He called for his valet, and allowed himself quietly
to be put to bed.
One brief hour had transformed a child into a woman.
A dangerous transformation when the brain is overburdened
with emotions, when the nerves are overstrung and
the heart full to breaking.
For the moment, however, the childlike nature reasserted
itself for the last time, for Juliette, sobbing, had
fled out of the room, to the privacy of her own apartment,
and thrown herself passionately into the arms of kind
old Petronelle.
It would have been very difficult to say why Citizen
Deroulede was quite so popular as he was. Still
more difficult would it have been to state the reason
why he remained immune from the prosecutions, which
were being conducted at the rate of several scores
a day, now against the moderate Gironde, anon against
the fanatic Mountain, until the whole of France was
transformed into one gigantic prison, that daily fed
the guillotine.
But Deroulede remained unscathed. Even Merlin’s
law of the suspect had so far failed to touch him.

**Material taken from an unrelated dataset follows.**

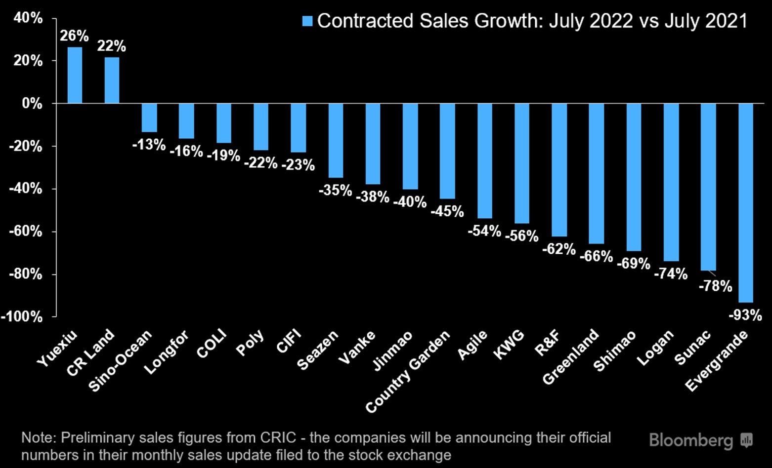 Les ventes des promoteurs immobiliers chinois ont chuté en moyenne de 39,7 % sur les derniers 12 mois donc pas de ventes = pas d'argent = pas de dettes remboursées...

And when, last July, the murder of Marat brought an
entire holocaust of victims to the guillotine—from
Adam Lux, who would have put up a statue in honour
of Charlotte Corday, with the inscription: “Greater
than Brutus”, to Charlier, who would have had
her publicly tortured and burned at the stake for her
crime—Deroulede alone said nothing, and
was allowed to remain silent.
The most seething time of that seething revolution.
No one knew in the morning if his head would still
be on his own shoulders in the evening, or if it would
be held up by Citizen Samson the headsman, for the
sansculottes of Paris to see.
Yet Deroulede was allowed to go his own way.
Marat once said of him: “Il n’est
pas dangereux.” The phrase had been taken
up. Within the precincts of the National Convention,
Marat was still looked upon as the great protagonist
of Liberty, a martyr to his own convictions carried
to the extreme, to squalor and dirt, to the downward
levelling of man to what is the lowest type in humanity.
And his sayings were still treasured up: even
the Girondins did not dare to attack his memory.
Dead Marat was more powerful than his living presentment
had been.
And he had said that Deroulede was not dangerous.
Not dangerous to Republicanism, to liberty, to that
downward, levelling process, the tearing down of old
tradidions, and the annihilation of past pretensions.
Deroulede had once been very rich. He had had
sufficient prudence to give away in good time that
which, undoubtedly, would have been taken away from
him later on.
But when he gave willingly, at a time when France
needed it most, and before she had learned how to
help herself to what she wanted.
And somehow, in this instance, France had not forgotten:
an invisible fortress seemed to surround Citizen Deroulede
and keep his enemies at bay. They were few, but
they existed. The National Convention trusted
him. “He was not dangerous” to them.
The people looked upon him as one of themselves, who
gave whilst he had something to give. Who can
gauge that most elusive of all things: Popularity?